● **Data**:
#####

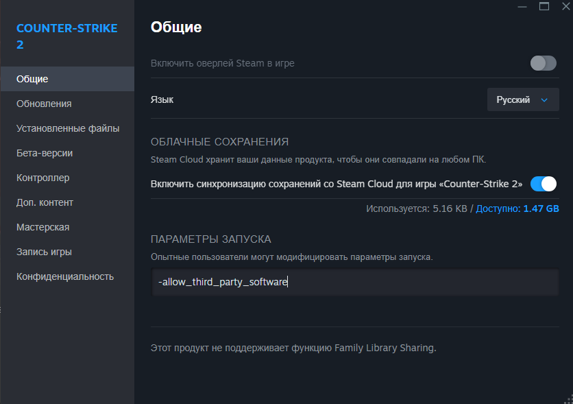 Для записи CS2 нужно использовать параметр запуска -allow_third_party_software
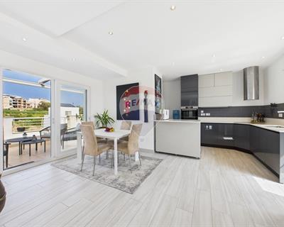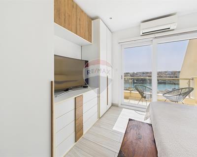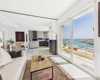 MARSASCALA – PENTHOUSE – Located in the highly desirable Ta' Monita area, this exceptional penthouse is finished to the highest standards and is being offered fully furnished, ready for immediate occupancy. The property boasts an abundance of natural light and is remarkably airy, with panoramic sea views from every room. It comprises a spacious Open Plan Kitchen/Living/Dining area, complemented by both a front and rear terrace, each offering stunning, unobstructed sea vistas. The penthouse features 2 Bedrooms, a Main Bathroom, an En-suite, and full ownership of the Roof and Airspace. Additional benefits include the option to rent an interconnected garage. The property is also equipped with modern amenities including a water softener, solar heater, and a pellet stove. This property presents an excellent investment opportunity. For an immediate viewing, please contact the agent.
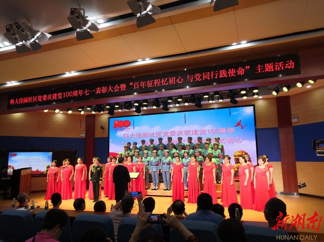 新湖南客户端6月20日讯(通讯员 张萍)百年征程波澜壮阔,百年大党风华正茂。为庆祝中国共产党成立100周年,扎实推进党史学习教育,进一步激发基层党组织活力,6月20日,长沙市开福区伍家岭街道科大佳园社区党委开展庆祝建党100周年“七一”表彰大会暨“百年征程忆初心·与党同行践使命”文艺汇演主题活动。社区直管党员、在职党员、居民群众等300余人参加。伍家岭街道工委委员、组织委员杨秋华出席大会。
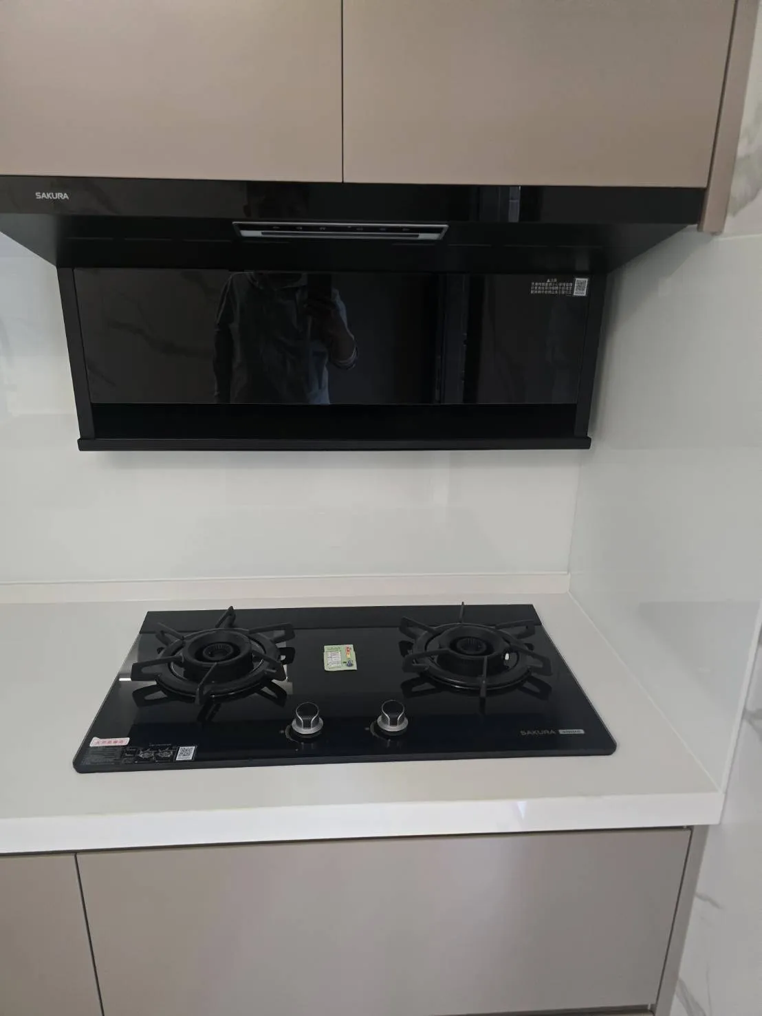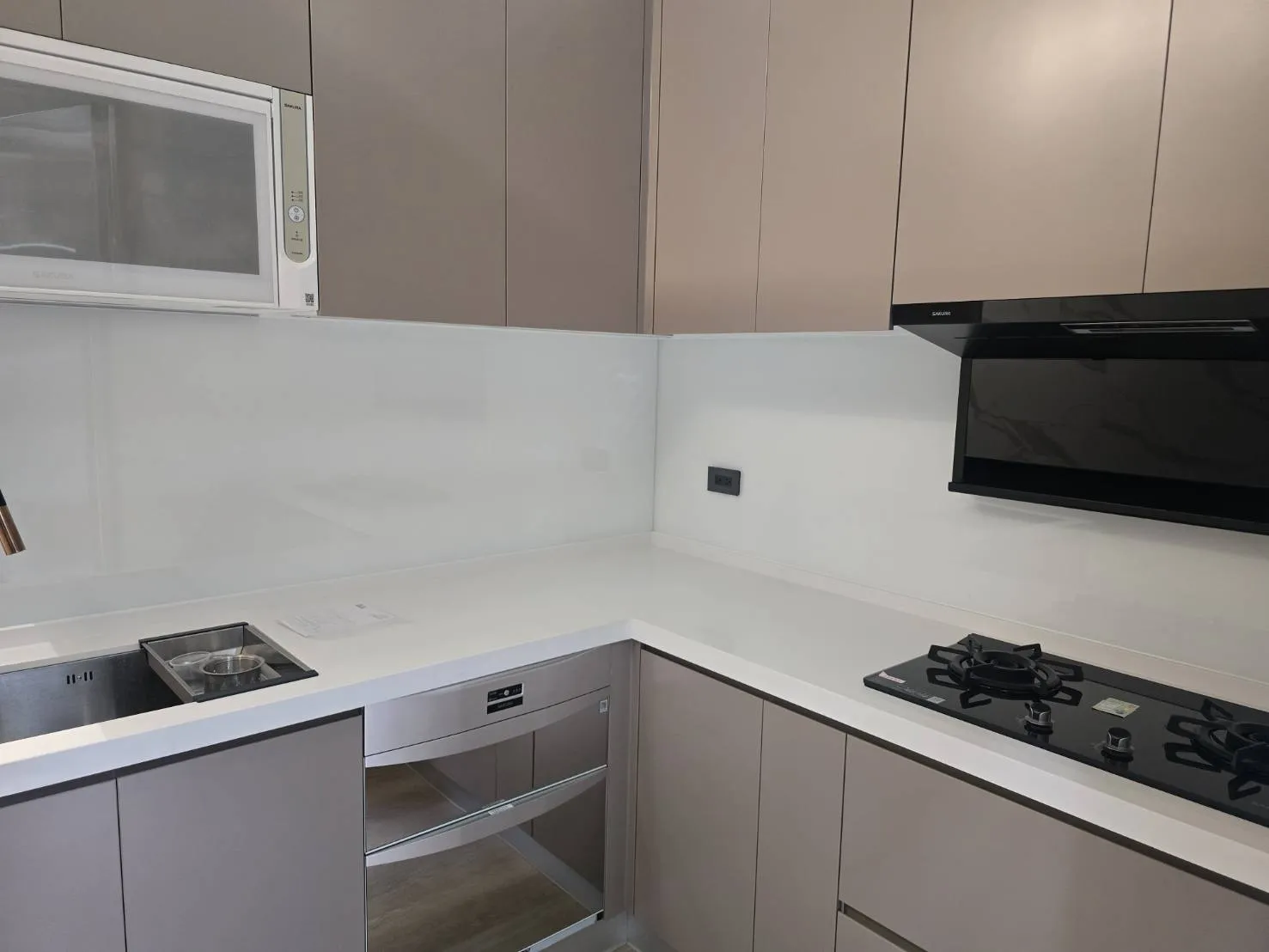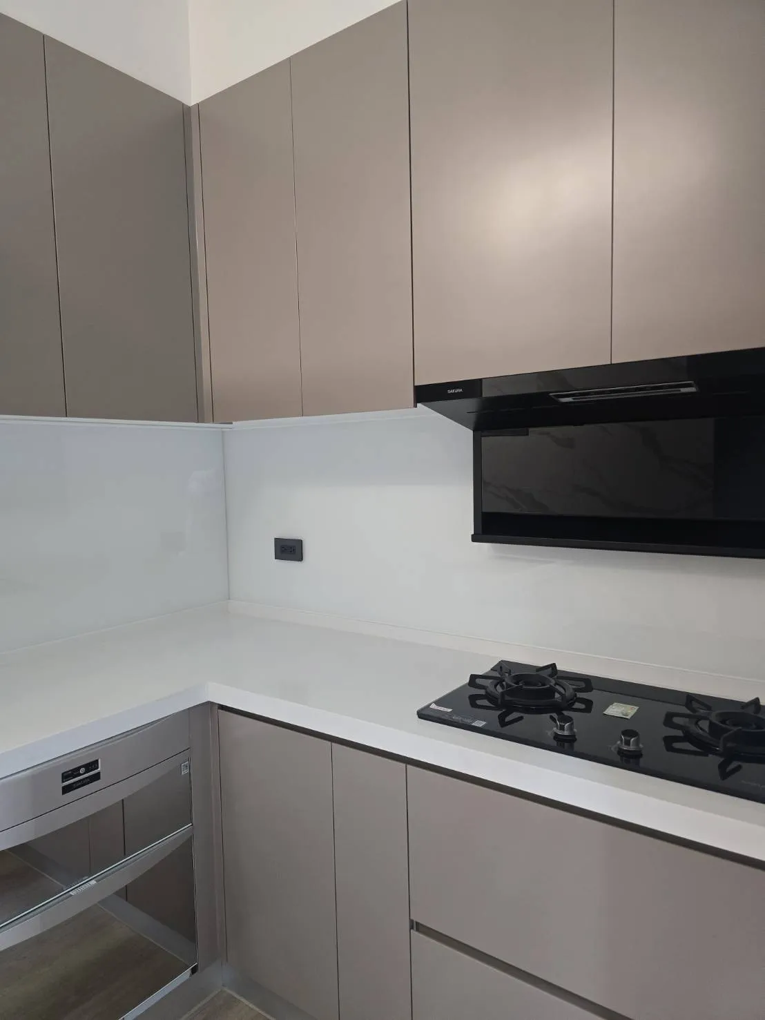 材質介紹: 桶身: 木芯板桶身 門板: 霧面結晶門板 M02 五面 台面: 賽麗石CS-601 高身櫃 配件介紹: 櫻花雙口玻璃爐台 G2922G 櫻花排油煙機 R-7302 櫻花烘碗機 Q-7592B. Q-7565

#####

● **Problem description**:
Please return only the lines from the one holding "新湖南客户端6月20日讯(通" through the end of the data, both ends included; do not copy any pictures.

● **Answer box**:
 新湖南客户端6月20日讯(通讯员 张萍)百年征程波澜壮阔,百年大党风华正茂。为庆祝中国共产党成立100周年,扎实推进党史学习教育,进一步激发基层党组织活力,6月20日,长沙市开福区伍家岭街道科大佳园社区党委开展庆祝建党100周年“七一”表彰大会暨“百年征程忆初心·与党同行践使命”文艺汇演主题活动。社区直管党员、在职党员、居民群众等300余人参加。伍家岭街道工委委员、组织委员杨秋华出席大会。
 材質介紹: 桶身: 木芯板桶身 門板: 霧面結晶門板 M02 五面 台面: 賽麗石CS-601 高身櫃 配件介紹: 櫻花雙口玻璃爐台 G2922G 櫻花排油煙機 R-7302 櫻花烘碗機 Q-7592B. Q-7565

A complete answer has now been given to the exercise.